(Data)
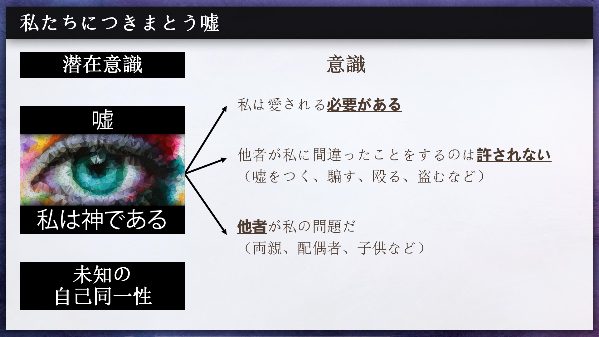 この誤りからは、別の嘘も生まれます。「他者が私に間違ったことをするのは許されない」という嘘です。これは、他者は「私」に嘘をついたり、「私」を騙したり、殴ったり、「私」から盗んだりしてはならないということを意味します。私は診療所でこの顕著な例に遭遇しました。
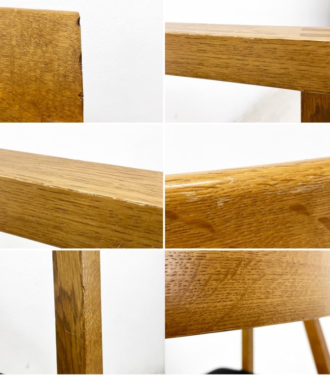 使用に伴い、フレームには擦れや傷、打痕、補修痕などがございます。また、ファブリックには、染み、色褪せ、取りきれない汚れなどが見受けられますが、使用上問題となる大きなダメージはございません。これからも気持ち良く実用頂けるコンディションを保っております。
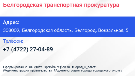 Белгородская транспортная прокуратура по адресу 308009, Белгородская область, Белгород, Вокзальная, 5 в дальнейшем Организация, размещена в следующих категориях:
(End Data)
Problem description:
Only the lines from the line containing "使用に伴い、フレームには擦れ" through the end of the material should be retyped, exactly and in full, with no pictures.

Written answer:
 使用に伴い、フレームには擦れや傷、打痕、補修痕などがございます。また、ファブリックには、染み、色褪せ、取りきれない汚れなどが見受けられますが、使用上問題となる大きなダメージはございません。これからも気持ち良く実用頂けるコンディションを保っております。
 Белгородская транспортная прокуратура по адресу 308009, Белгородская область, Белгород, Вокзальная, 5 в дальнейшем Организация, размещена в следующих категориях:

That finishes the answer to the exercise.